Project Proposal
In this project, we will develop a machine learning processing pipeline that can train and classify the single-molecule fluorescence data generated from an electron multiplying charge coupled devices (EMCCD). Each dataset consists of thousands of image files where each frame represents a snapshot of single fluorescent molecules. The signature of the signal changes over time and is representative of the oligomerization state of the molecule, and chemistry experts manually classify each signature of the signal into different categories which take a tremendous amount of time.
We will develop a machine learning based data analysis platform that uses Microsoft's cloud-based system for single molecule studies of in vivo protein oligomerization. We will utilize a convolutional neural network (CNN) with multilayer classification and other machine learning techniques to develop a rapid and accurate data analysis platform.
As we collect dataset, a local machine will pre-process the captured images and data to prepare clean dataset with pre-fixed parameters.
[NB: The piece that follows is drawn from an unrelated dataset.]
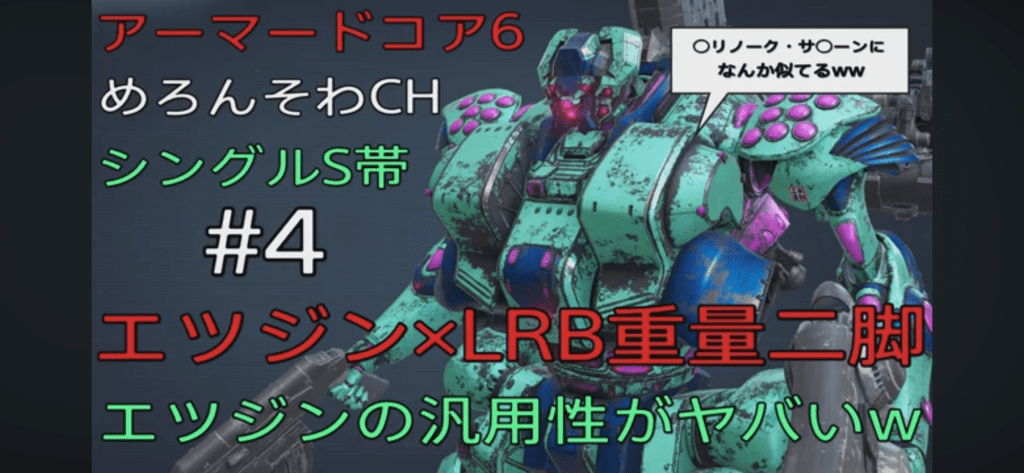 皆様こんにちは! めろんそわです(^^) 皆様はアーマードコ… 続きを読む: アーマードコア6 めろんそわCH #4 エツジン×LRB重量二脚 - アーマードコア6 #3 LRB重量二脚が私は好きだ…!シングルマッチSめろんそわCH

It will transfer the pre-processed data to the Microsoft VM with our custom machine learning code. We are planning to use docker images such as the NVIDIA GPU cloud (NGC) for training and classifying procedures to get GPU supports. Alternatively, we may build custom images of Azure VM that contains all required artifacts to run our machine learning pipeline. After we train a solid machine learning model, we will make a script that researchers can execute using Azure CLI to automatically classify newly collected data which will significantly reduce the time and effort that was needed to process the data manually previously.
Brief Bio
Yongwook Song is a Computational Research Engineer in the Center for Computational Science of the University of Kentucky, where he has been since 2008. He received an M.S. in the Computer Science from the University of Kentucky in 2008. He is pursuing Ph.D. in Computer Science from the University of Kentucky. His research interests focus on machine learning for network analytics. During his career at the University of Kentucky, he developed expertise in image processing, computer graphics, autostereoscopic display system, network monitoring, machine learning, and AR / VR software development. He also has personal interests in developing mobile applications and published educational mobile applications on the public.